Ryan Tian, 23, of Delaware County, captured an explosion at a parking lot at Cottman and Bustleton Avenues Friday, Jan. 31, 2025.
Ryan Tian, 23, of Delaware County, captured an explosion at a parking lot at Cottman and Bustleton Avenues Friday, Jan. 31, 2025.Read moreRyan Tian / For The Inquirer

As Med Jets 056 taxied for takeoff, the red-and-white symbol of the Rod of Asclepius painted on its tail fin marked the aircraft’s purpose: lifesaving.

The sleek and swift Learjet 55 — operated by the Mexican air ambulance service Jet Rescue — was topped off with fuel, assigned a runway at Northeast Philadelphia Airport, and cleared to go airborne. It was taking a sick child and her mother back home to Mexico, after a stop in Springfield, Mo.

But what went wrong last Friday night to turn the heavily used jet into a deadly rocket less than a minute after takeoff is a mystery that has left experts puzzled.

As it slammed into a Philadelphia sidewalk at more than 278 mph, dashcams, cell phones, and doorbell cameras captured its fiery explosion. Footage of the crash and the mayhem it created immediately went viral on social media, leading to wild speculation and conspiracy theories — spread with the help of phony videos and even AI-generated air traffic control recordings.

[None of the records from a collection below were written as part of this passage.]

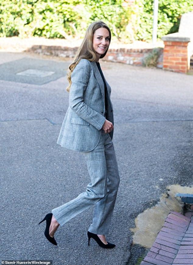 凯特当天所穿的灰色调的西装,让她显得很是飒爽,同时也是有一定深意的,因为所采用的面料是经典的“威尔士亲王格纹”。
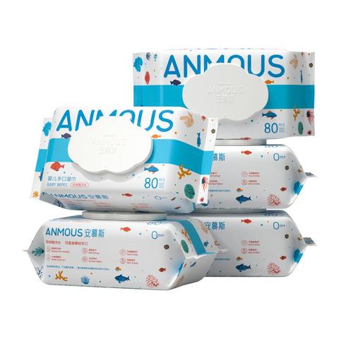安慕斯婴儿手口湿巾家用80抽5包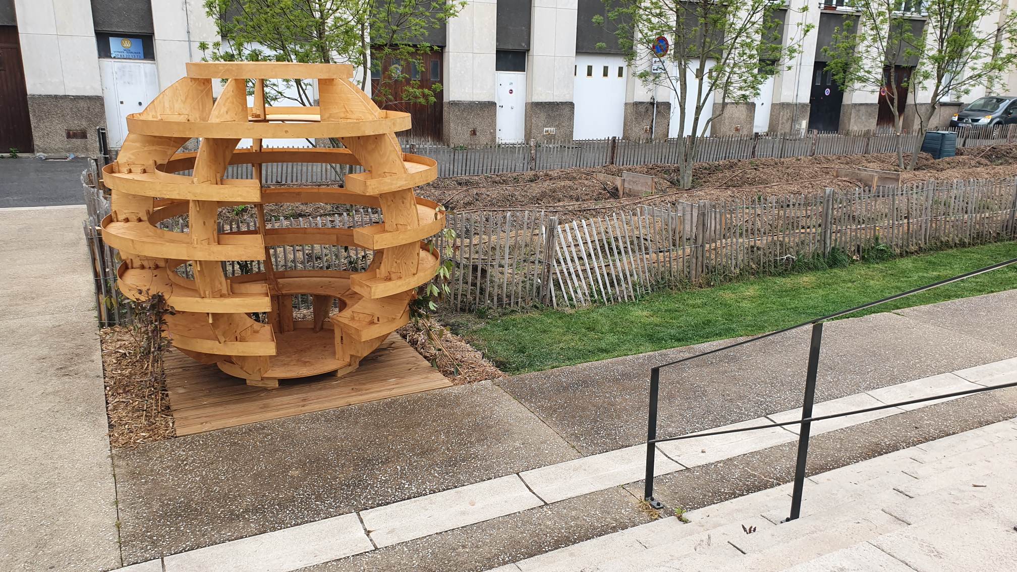 Sur le côté ouest du bâtiment, face aux galeries en verre, on peut désormais découvrir une grosse boule en bois d’environ 2m de haut. C’est ça une growroom. En fait il s’agit d’un potager urbain, donc d’une structure élégante vouée à accueillir des plantations comme des aromates, par exemple. L’idée d’avoir ce genre de dispositif nous vient d’un architecte danois : Mads-Ulrick Husum qui a non seulement mis au point le concept mais en a aussi partagé les plans avec le monde entier pour favoriser sa multiplication.
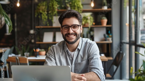 © PixelProAI, Fototapeta premium Portrait of happy young businessman working on his laptop

Terrorism. Sabotage. Worse.

“This is screaming ‘cartel hit’ to me.”

“It looks like a missile hit it”

“It has something to do with undetectable sophisticated signal jamming”

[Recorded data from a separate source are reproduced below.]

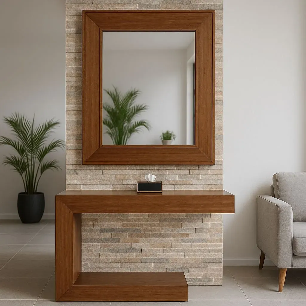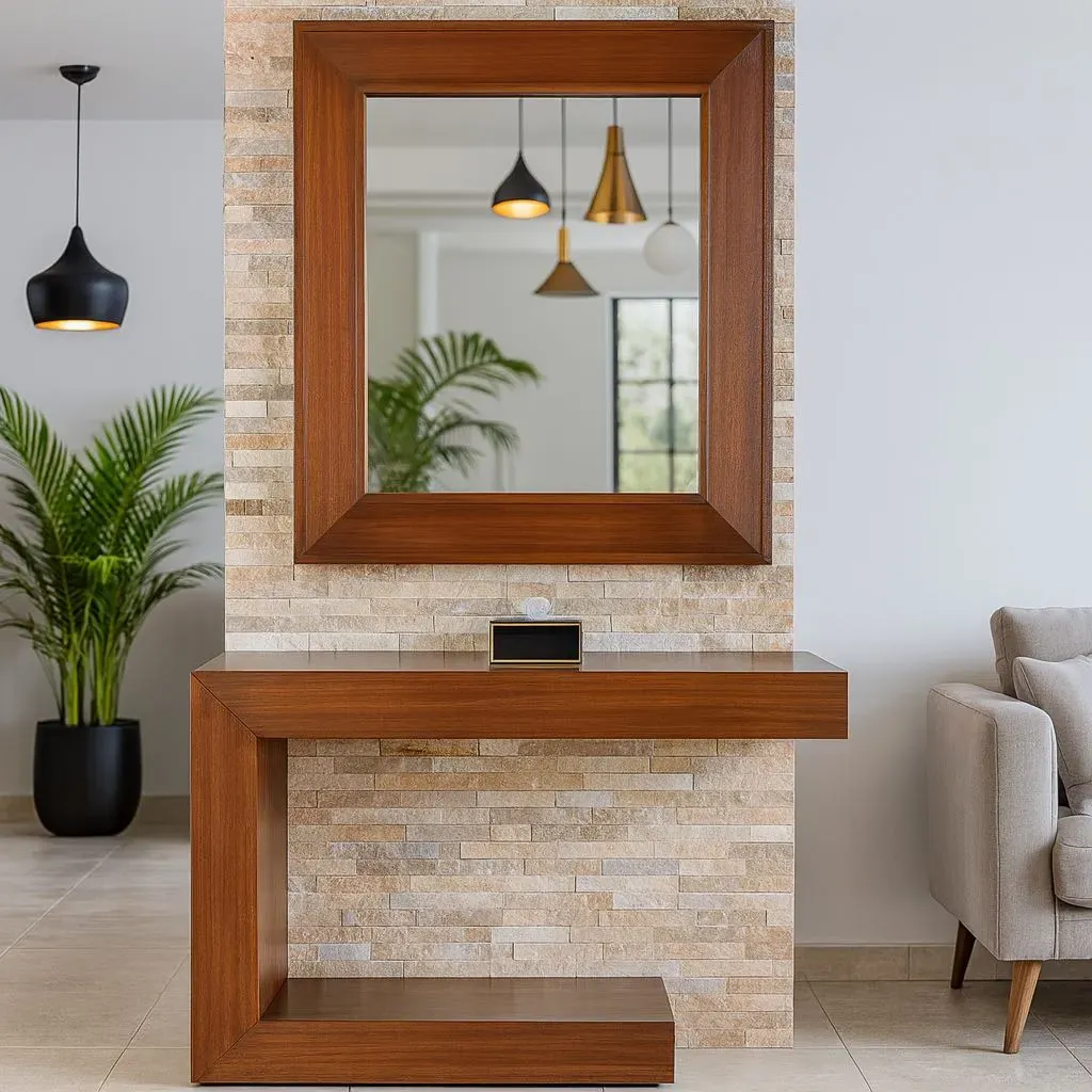 Consola de madera color nogal N2 con espejo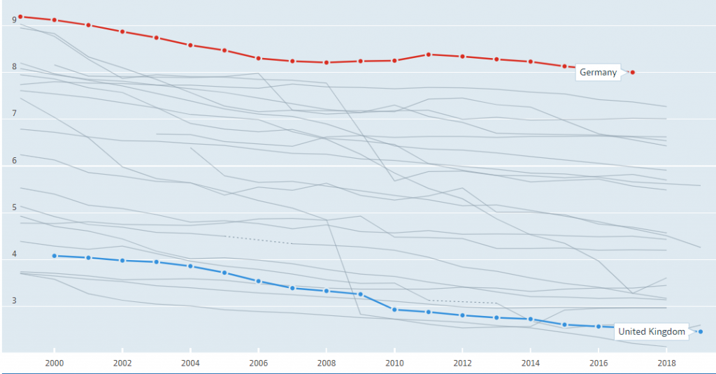 Figure 4 Hospital beds total per 1,000 inhabitants 1999-2019. Data from OECD.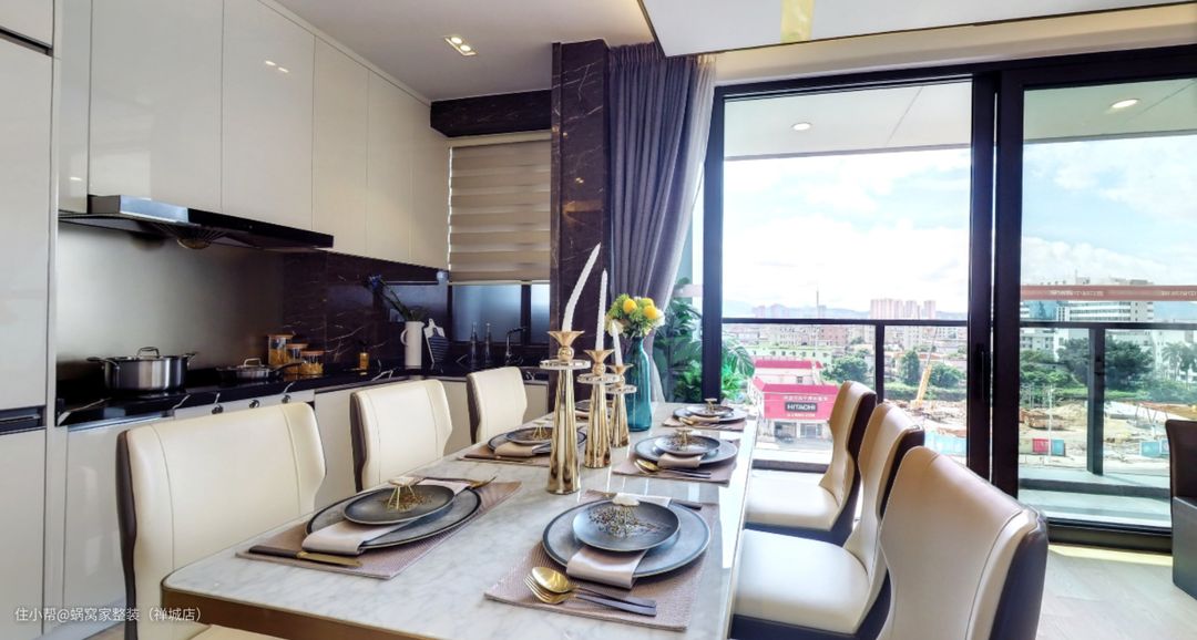 设计思路: 1、应业主需求,设计师采用餐厨一体设计,缩短餐厅跟厨房之间的生活东线,并且让厨房具有更开阔的空间; 2、用落地窗代替实体墙壁,让客厅采光更加丰富,营造出敞亮、舒适的待客空间; 3、主次卫利用加厚玻璃,实现干湿分离,给业主带来更好的卫生间使用体验,同时在两个卫生间洗漱区都采用镜柜+壁龛的结合,为业主提供了充足的收纳空间。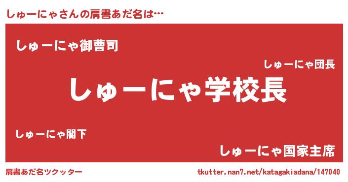 | ヒーロー風カッコイイあだ名 | 『正義の使者しゅーにゃ』『魔戒騎士シュ』 |

The baffling circumstances surrounding the crash itself didn’t help.

Among those who know the conditions that actually could trigger a fatal Learjet crash is Domingo Olivares, 49, a former commercial airline pilot who has logged over 6,800 hours in command of a Learjet 55.

That’s the same model as the crashed jet, which killed all six people onboard and a person on the ground, and injured two dozen more in homes and cars around Roosevelt Mall.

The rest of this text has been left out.